What you need to do - Emit a verbatim copy of the lines below from the line with "THÔNG TIN SẢN" through the line with "防霉模擬測式法。在隨大貨抽檢", excluding pictures and everything outside that range.

Records -
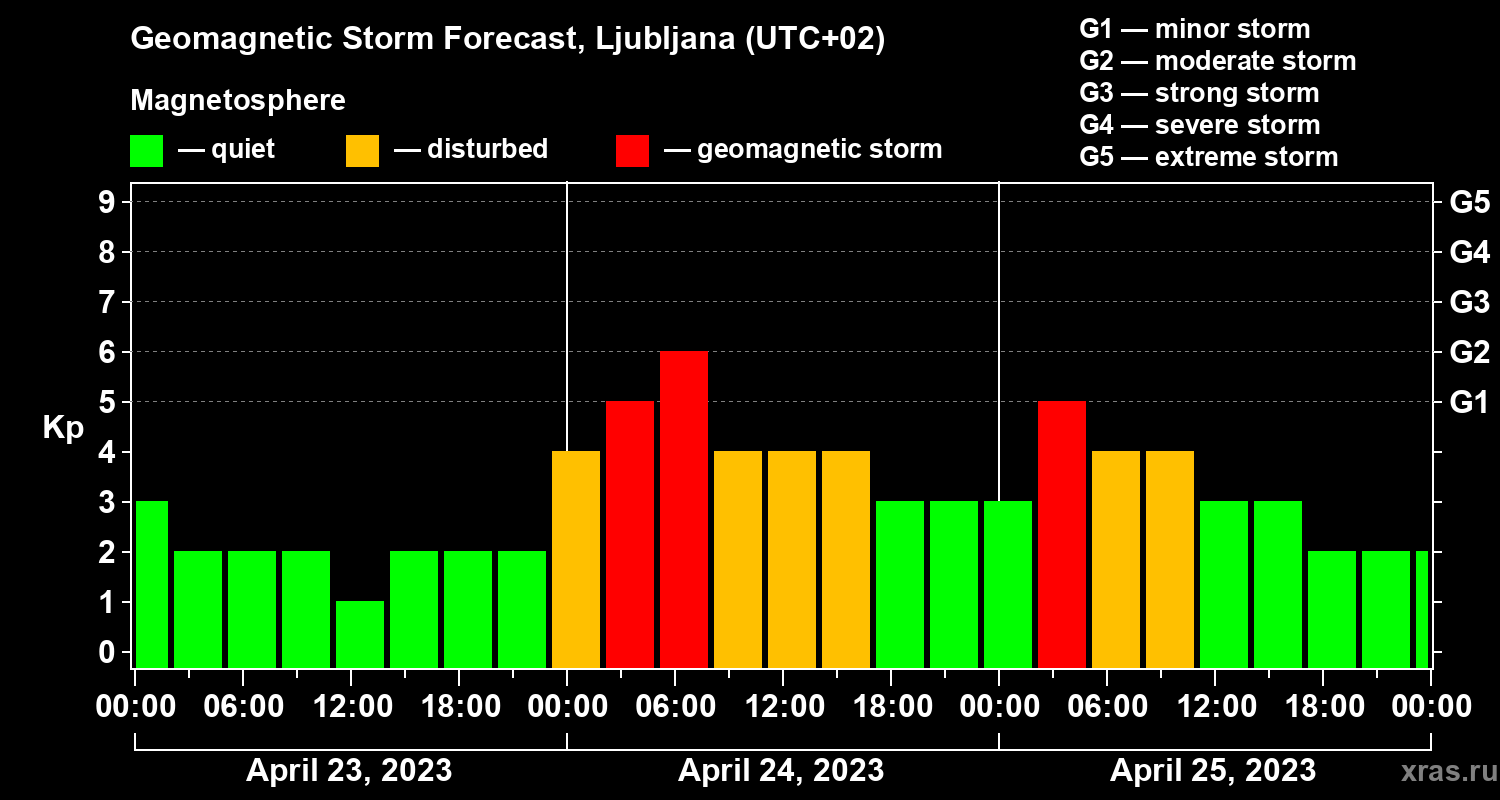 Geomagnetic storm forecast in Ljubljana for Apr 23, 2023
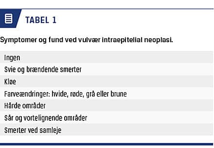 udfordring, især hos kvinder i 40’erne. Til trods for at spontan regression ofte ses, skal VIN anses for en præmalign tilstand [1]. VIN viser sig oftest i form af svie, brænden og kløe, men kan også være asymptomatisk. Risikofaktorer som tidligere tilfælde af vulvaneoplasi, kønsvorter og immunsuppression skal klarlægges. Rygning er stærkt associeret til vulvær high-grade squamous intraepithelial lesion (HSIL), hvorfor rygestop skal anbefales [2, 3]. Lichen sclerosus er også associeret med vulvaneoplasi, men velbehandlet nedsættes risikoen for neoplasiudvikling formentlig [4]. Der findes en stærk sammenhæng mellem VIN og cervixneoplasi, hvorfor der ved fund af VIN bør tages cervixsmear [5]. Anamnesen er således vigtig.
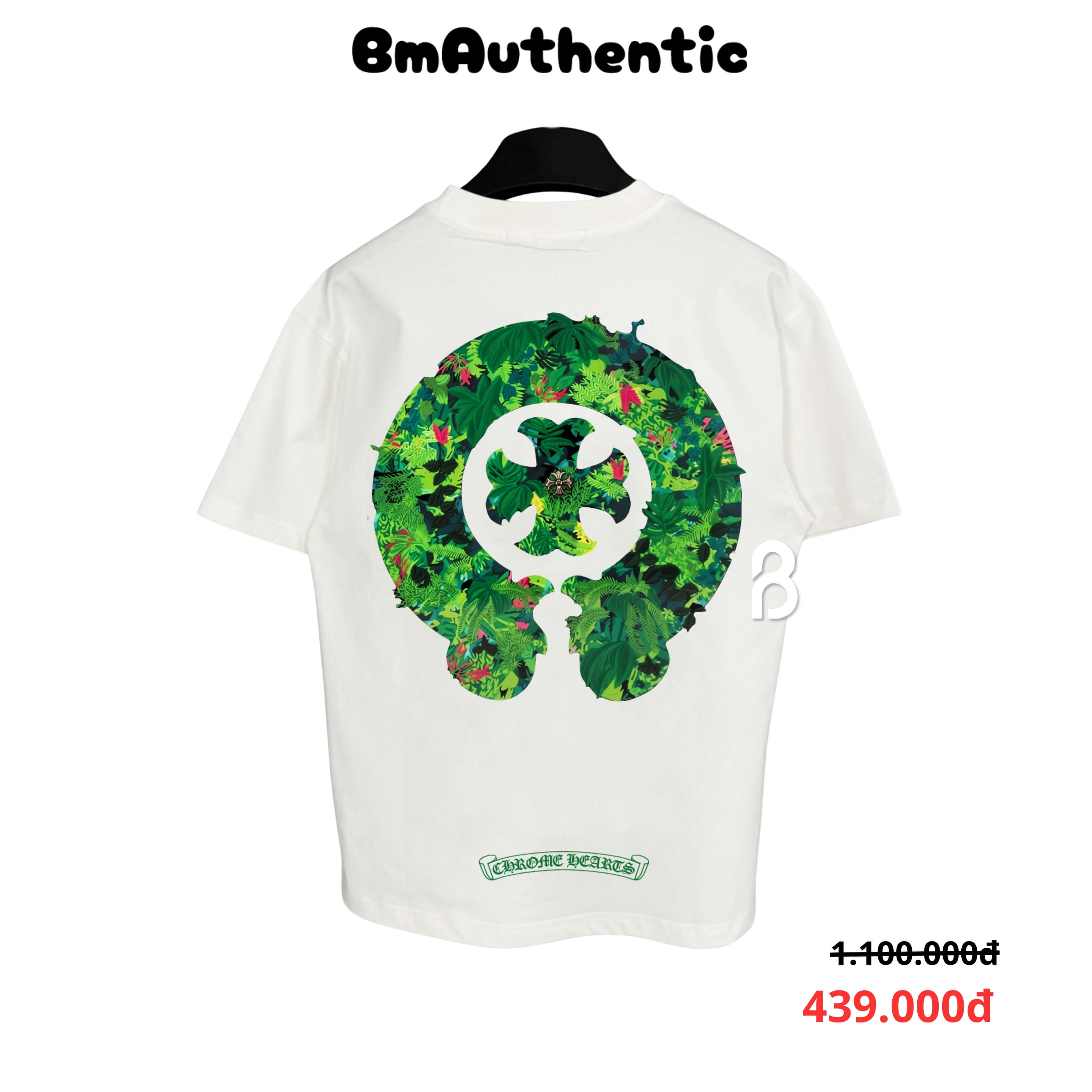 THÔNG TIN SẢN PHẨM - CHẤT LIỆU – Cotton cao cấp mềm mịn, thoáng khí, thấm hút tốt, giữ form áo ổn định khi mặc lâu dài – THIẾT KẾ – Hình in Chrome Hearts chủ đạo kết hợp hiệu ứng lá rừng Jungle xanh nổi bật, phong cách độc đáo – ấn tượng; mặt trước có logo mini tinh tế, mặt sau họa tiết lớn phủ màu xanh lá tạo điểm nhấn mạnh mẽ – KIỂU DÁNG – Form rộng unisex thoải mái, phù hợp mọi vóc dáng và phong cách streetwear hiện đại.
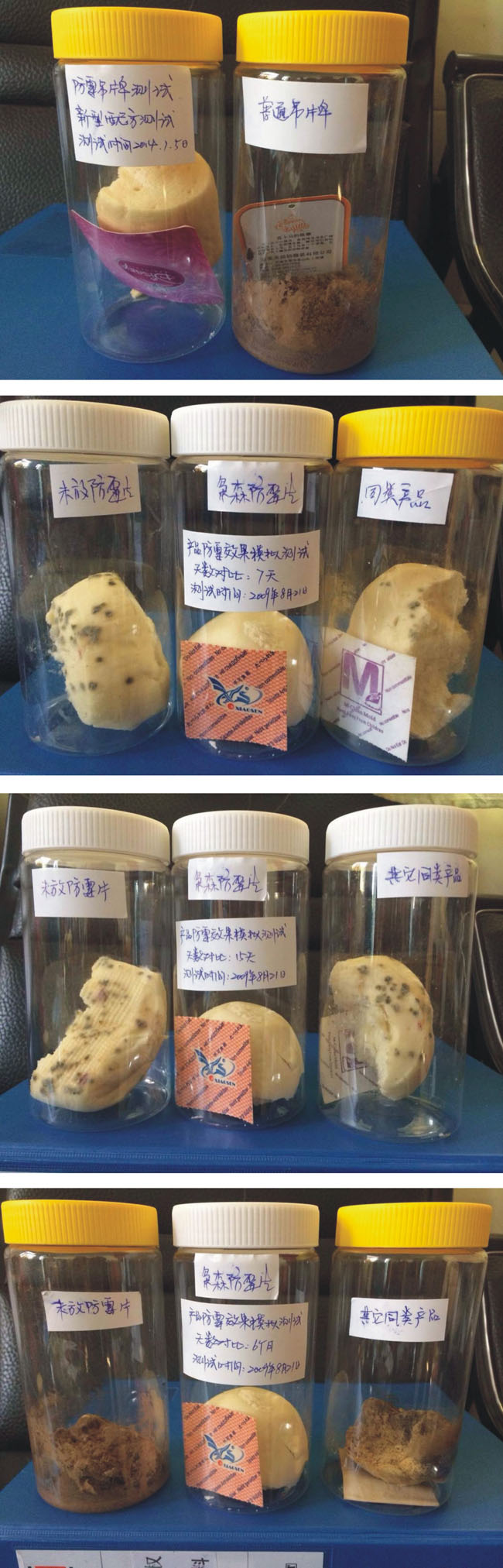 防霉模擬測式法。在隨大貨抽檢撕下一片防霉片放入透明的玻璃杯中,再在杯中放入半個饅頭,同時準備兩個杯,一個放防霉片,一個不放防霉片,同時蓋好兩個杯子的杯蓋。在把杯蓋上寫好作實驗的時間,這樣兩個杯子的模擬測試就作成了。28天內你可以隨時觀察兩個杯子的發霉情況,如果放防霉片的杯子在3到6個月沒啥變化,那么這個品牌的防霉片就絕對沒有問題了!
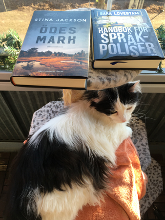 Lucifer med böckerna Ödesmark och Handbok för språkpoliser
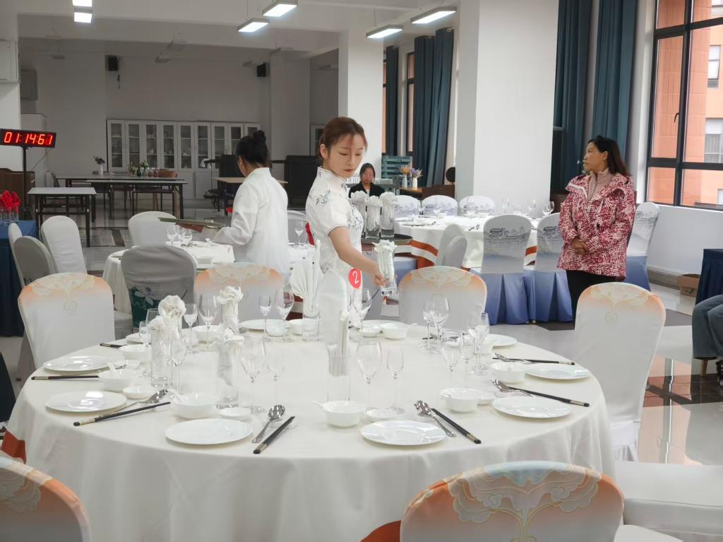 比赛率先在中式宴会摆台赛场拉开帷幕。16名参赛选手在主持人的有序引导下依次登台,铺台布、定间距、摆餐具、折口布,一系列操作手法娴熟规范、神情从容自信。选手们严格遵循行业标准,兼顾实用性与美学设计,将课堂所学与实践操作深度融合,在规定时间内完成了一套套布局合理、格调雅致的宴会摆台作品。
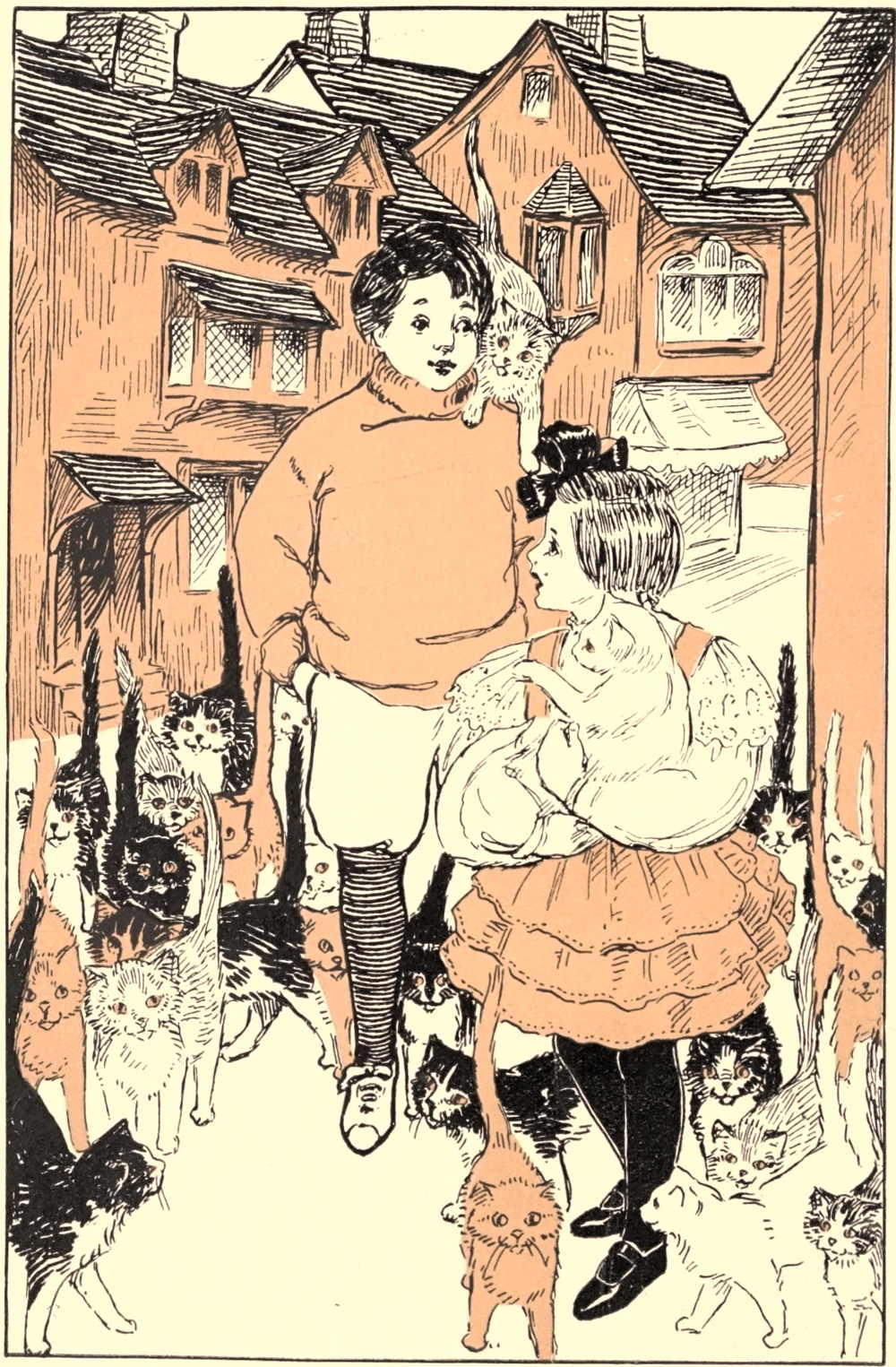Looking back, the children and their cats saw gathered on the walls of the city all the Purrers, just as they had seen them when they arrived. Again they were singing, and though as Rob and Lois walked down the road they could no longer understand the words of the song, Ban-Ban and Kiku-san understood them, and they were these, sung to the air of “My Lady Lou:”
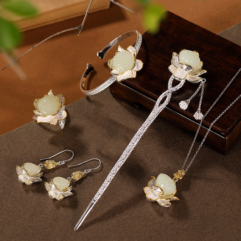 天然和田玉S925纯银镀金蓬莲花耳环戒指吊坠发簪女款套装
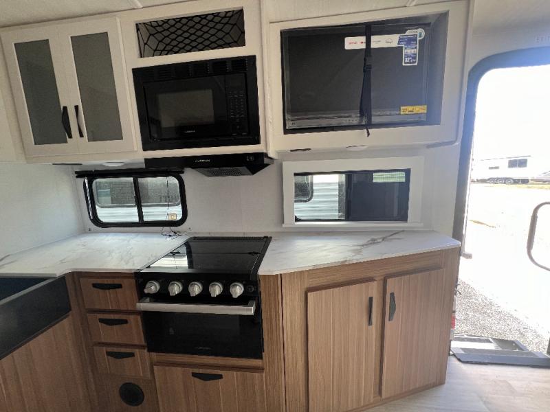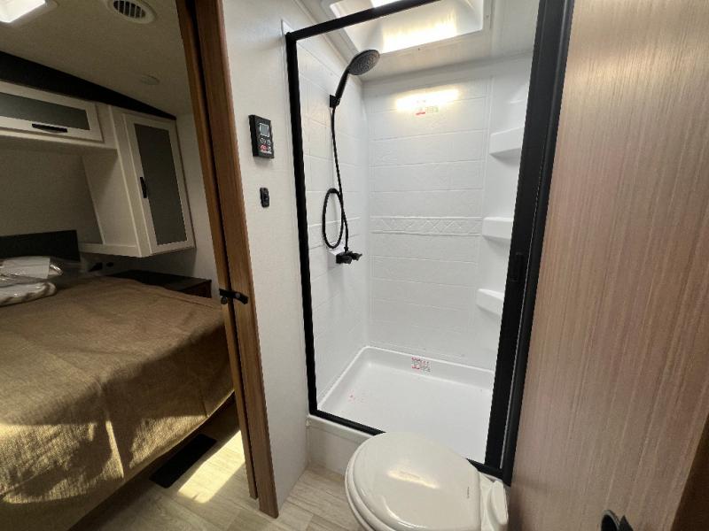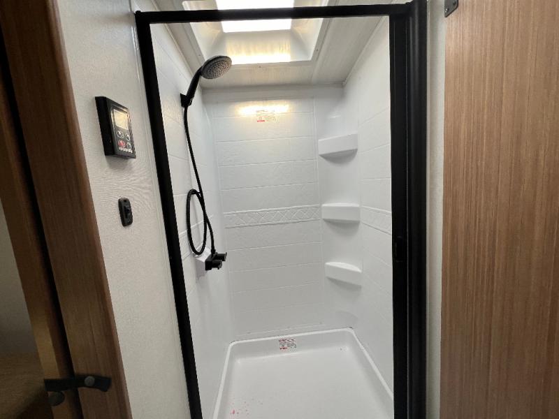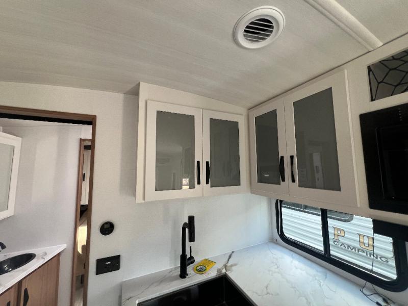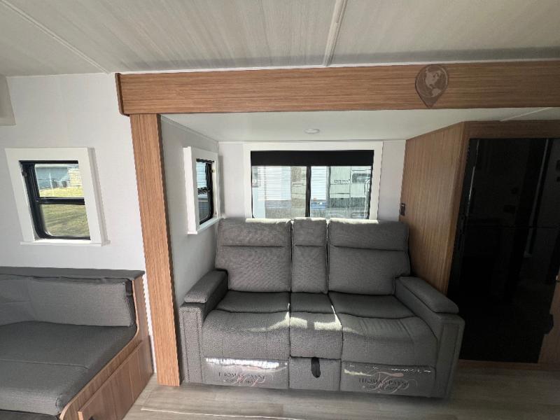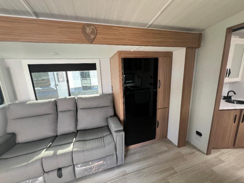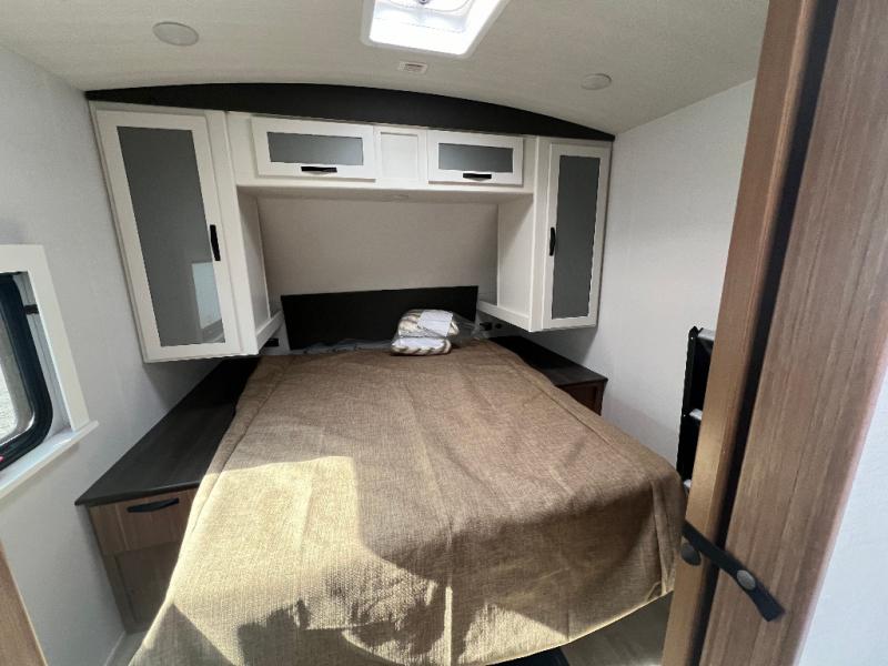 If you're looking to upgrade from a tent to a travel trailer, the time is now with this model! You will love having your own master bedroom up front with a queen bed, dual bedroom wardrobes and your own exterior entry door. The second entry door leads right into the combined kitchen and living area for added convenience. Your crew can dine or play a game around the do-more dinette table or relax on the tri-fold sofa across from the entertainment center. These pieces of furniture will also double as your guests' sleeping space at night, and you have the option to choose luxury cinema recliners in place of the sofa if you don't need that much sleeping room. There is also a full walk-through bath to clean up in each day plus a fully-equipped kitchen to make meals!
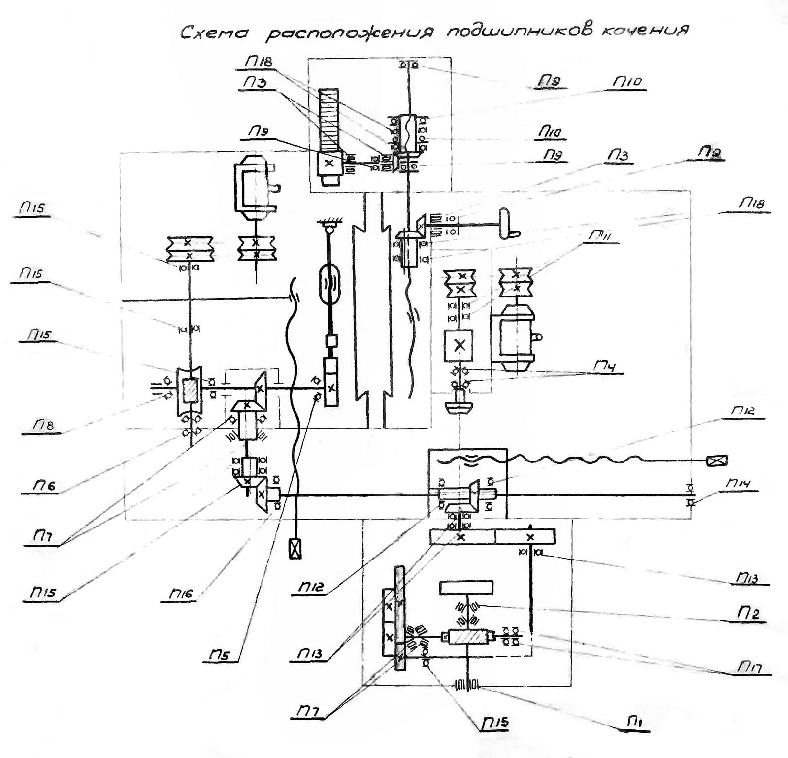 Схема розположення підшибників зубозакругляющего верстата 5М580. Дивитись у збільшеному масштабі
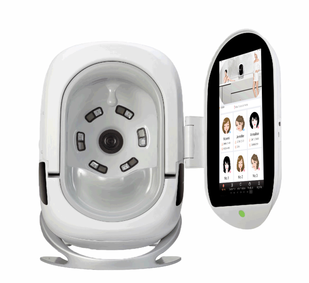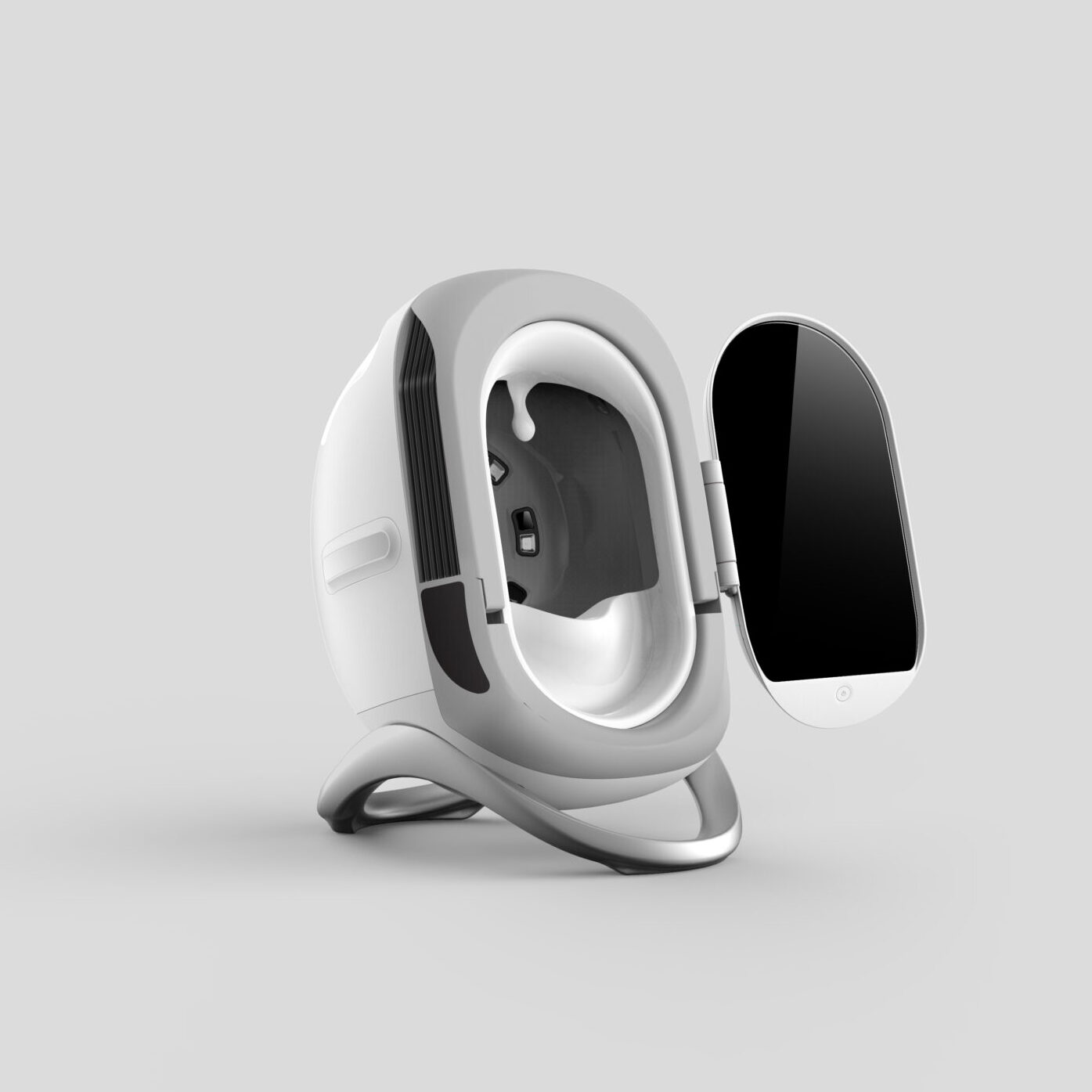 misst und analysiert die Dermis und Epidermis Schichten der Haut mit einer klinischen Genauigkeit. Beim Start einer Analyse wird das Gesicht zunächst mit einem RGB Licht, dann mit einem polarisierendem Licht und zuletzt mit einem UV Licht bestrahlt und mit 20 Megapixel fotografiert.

Answer below -
 THÔNG TIN SẢN PHẨM - CHẤT LIỆU – Cotton cao cấp mềm mịn, thoáng khí, thấm hút tốt, giữ form áo ổn định khi mặc lâu dài – THIẾT KẾ – Hình in Chrome Hearts chủ đạo kết hợp hiệu ứng lá rừng Jungle xanh nổi bật, phong cách độc đáo – ấn tượng; mặt trước có logo mini tinh tế, mặt sau họa tiết lớn phủ màu xanh lá tạo điểm nhấn mạnh mẽ – KIỂU DÁNG – Form rộng unisex thoải mái, phù hợp mọi vóc dáng và phong cách streetwear hiện đại.
 防霉模擬測式法。在隨大貨抽檢撕下一片防霉片放入透明的玻璃杯中,再在杯中放入半個饅頭,同時準備兩個杯,一個放防霉片,一個不放防霉片,同時蓋好兩個杯子的杯蓋。在把杯蓋上寫好作實驗的時間,這樣兩個杯子的模擬測試就作成了。28天內你可以隨時觀察兩個杯子的發霉情況,如果放防霉片的杯子在3到6個月沒啥變化,那么這個品牌的防霉片就絕對沒有問題了!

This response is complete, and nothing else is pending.